Remember to look in the mirror and tell yourself something positive about yourself today...please just do it.



Saturday, March 1, 2014

Pushing through the pain.

Once upon a time about eight years ago I loved going to the gym.  I would wake up and head to the gym about six am every morning.  The funny thing is that I stopped at the local gas station to get my morning coffee mix (full of sugar) and a pack of cigarettes.  I would drive drink my coffee and get about three cigarettes in before I got to the gym where I would put 3.5 miles on a treadmill or elliptical and lifted four days a week.  I didn't fight back pain, I didn't fight the awful pain and ache in my tail bone or my knees.  To this day I cannot tell you why I stopped.  I did stop smoking and have eased up on the coffee.  I can tell you getting started again has been very difficult, even more difficult staying with it.
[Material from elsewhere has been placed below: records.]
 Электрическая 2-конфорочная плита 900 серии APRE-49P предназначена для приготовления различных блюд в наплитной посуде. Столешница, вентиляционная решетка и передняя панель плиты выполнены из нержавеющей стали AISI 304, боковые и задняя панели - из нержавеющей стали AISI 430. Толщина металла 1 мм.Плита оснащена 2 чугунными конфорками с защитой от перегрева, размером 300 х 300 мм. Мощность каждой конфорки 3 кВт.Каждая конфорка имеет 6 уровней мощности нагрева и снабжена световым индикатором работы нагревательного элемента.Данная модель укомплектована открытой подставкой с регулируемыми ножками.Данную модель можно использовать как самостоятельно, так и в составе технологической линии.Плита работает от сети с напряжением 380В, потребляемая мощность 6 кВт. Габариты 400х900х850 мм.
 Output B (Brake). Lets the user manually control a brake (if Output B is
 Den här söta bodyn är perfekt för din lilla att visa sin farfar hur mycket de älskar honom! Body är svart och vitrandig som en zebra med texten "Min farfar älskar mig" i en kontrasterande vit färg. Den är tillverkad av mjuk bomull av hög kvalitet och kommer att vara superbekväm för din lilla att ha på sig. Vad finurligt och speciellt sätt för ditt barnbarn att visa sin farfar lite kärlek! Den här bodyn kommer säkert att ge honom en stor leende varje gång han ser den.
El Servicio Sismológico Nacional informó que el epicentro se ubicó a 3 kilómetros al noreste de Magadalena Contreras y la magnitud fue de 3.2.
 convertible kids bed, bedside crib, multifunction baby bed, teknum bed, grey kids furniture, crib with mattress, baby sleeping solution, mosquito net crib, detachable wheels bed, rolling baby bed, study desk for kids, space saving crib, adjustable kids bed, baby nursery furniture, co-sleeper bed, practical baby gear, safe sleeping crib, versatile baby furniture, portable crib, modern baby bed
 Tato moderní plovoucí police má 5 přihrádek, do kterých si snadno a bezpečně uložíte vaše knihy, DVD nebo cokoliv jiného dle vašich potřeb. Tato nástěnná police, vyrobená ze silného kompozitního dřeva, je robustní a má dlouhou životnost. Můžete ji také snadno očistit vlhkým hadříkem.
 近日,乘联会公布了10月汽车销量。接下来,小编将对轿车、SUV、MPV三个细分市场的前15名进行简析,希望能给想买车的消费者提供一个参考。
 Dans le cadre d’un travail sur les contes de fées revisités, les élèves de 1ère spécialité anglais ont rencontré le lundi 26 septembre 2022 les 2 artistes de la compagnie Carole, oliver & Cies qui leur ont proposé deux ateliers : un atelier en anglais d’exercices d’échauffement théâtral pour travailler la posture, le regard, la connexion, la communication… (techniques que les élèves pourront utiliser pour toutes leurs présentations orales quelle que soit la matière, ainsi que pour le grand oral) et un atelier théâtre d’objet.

I cannot sit to long or my tailbone gets sore, usually a change in position helps.  If I have sat to long the pain and ache is there all day and it moves down into my knees.  If I have been on my feet to long the same scenario happens.  I cannot even explain to you what happens when I lay down with it.  The ache becomes intolerable in both my tailbone and knees.  It wakes me up, I cry or whimper around until the pain shifts.   I take over the counter pain meds and use pain relieving rubs on my knees to dull the pain.  This has been a daily part of my life and I had learned to accept it.  The pain stopped me from doing things that I enjoyed, simple tasks of window shopping, sewing or sitting through a movie.  Pain is a huge trigger for depression for me, which can increase pain.  I don't tell people or complain about the pain, no one needs to know.  Through the years I have let people assume I'm lazy or anti social, unmotivated or all of the other assumptions that come with not being able to physically do something.  I would even go to the other extreme and push my body beyond it's limits and be in such agonizing pain that prescription meds would have to be used to ease the pain, just so no one would know the amount of pain I was in.  Some how I viewed being in this much pain at my age as being weak.  I have been told I am weak if I could not handle daily pain. 
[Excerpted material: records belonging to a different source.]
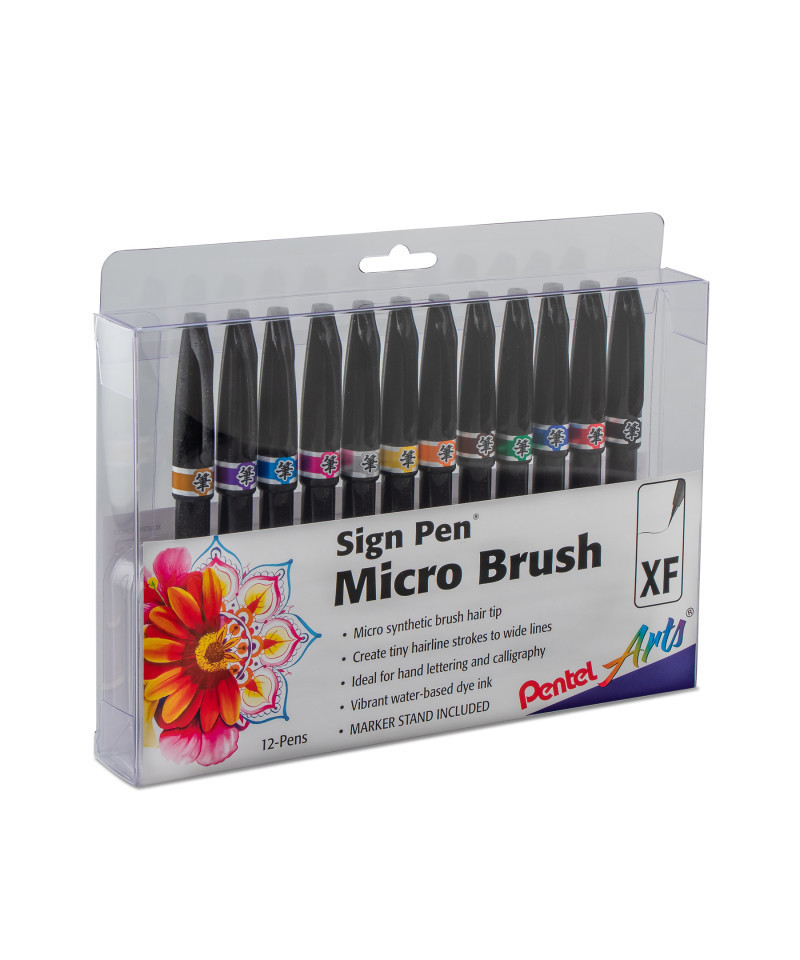 The sable-like tip offers the most control and precision anywhere. The micro-synthetic brush hair tip is perfect for highly detailed and expressive sketches, comic inking and coloring, and professional illustration. The Sign Pen Micro Brush integrates seamlessly with other Sign Pen Brushes and the Hybrid Technica. Colors included: Black, Green, Orange, Violet, Sky Blue, Yellow, Blue, Red, Brown, Pink, Gray and Ochre.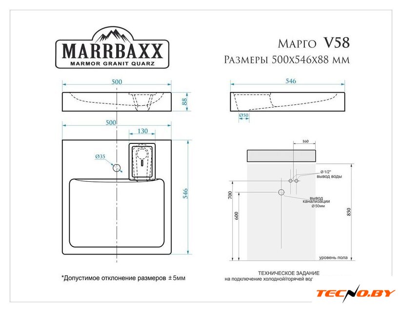 80x44.7 см, с одной чашей, врезной, искусственный мрамор, крепление на столешницу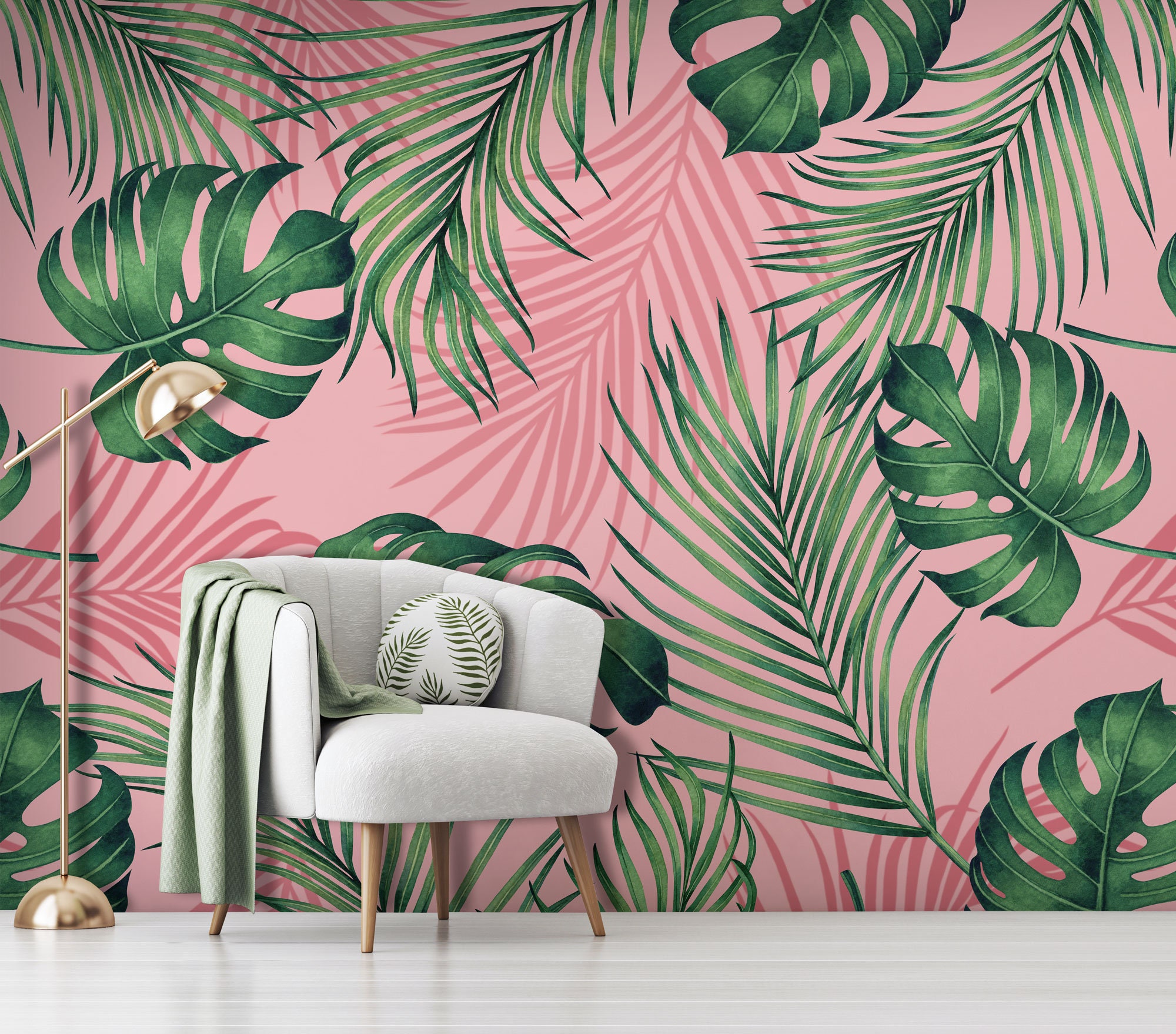 Monstera wallpaper, coconut leaves pattern, palm, pink leaf, tree t...

About a year ago I made some serious changes about the types of food that went into my mouth (trust me I still have a long way to go).  I also began taking supplements for anti inflammatory.  Natural ones, using essential oils to help heal my body.  When ever possible I avoid over the counter meds and prescriptions and use the natural stuff first.  My kids call me a "hippie", funny how the meaning of that has changed a bit.  I have educated myself on how many conditions of the body are due to inflammation.  Including the awful pain that takes place within me. 

The irony of all of this is thru supplements and diet I have been controlling the pain, until I started working out again.  The movement, impact or no impact has aggravated my sore spots again and I am in constant pain.  I am really struggling with continuing to work out because of the pain at the end of the day.  I know the lack of movement has stiffened things up and getting them moving again will be painful and was warned about it being painful.  I just didn't expect to be back in constant pain.  I know this will pass and those muscles and tendons and ligaments that have stayed tight to protect over inflamed areas are learning to work the right way again and the "stiff" bones will eventually not fight me on the movement.   I am so determined not to end up back in the dark places of my mind because of pain and the depression that it can bring on.  Ironic because exercise is supposed to produce feel good endorphins.
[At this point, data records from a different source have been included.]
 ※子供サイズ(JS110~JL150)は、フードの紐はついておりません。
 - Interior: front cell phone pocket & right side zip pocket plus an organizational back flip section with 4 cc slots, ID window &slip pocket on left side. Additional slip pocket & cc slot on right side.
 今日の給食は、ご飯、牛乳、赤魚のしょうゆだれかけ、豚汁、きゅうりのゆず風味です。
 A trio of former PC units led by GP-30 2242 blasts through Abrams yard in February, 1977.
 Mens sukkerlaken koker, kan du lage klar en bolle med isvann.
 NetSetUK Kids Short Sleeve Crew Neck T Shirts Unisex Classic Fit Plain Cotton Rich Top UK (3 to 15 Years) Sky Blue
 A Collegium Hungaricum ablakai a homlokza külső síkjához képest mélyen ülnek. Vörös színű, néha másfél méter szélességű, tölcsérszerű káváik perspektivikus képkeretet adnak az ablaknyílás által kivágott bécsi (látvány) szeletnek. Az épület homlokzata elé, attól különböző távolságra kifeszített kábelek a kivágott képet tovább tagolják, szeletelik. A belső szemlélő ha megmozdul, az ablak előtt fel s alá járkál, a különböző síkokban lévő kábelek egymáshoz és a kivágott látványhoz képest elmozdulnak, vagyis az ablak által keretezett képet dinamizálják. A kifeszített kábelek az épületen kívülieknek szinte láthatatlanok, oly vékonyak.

I still continue to watch what I eat, but this last week has been about just getting to the gym and working out, not just moving to shift the pain.  I love that my eyes have been opened about my triggers and that I can learn to manage and beat those triggers.  I pray for the strength to get through this awful physical pain so that I will not endure constant pain in the future with my healthy body, mind and spirit.

Remember to look in the mirror and tell yourself something positive about yourself EVERY day.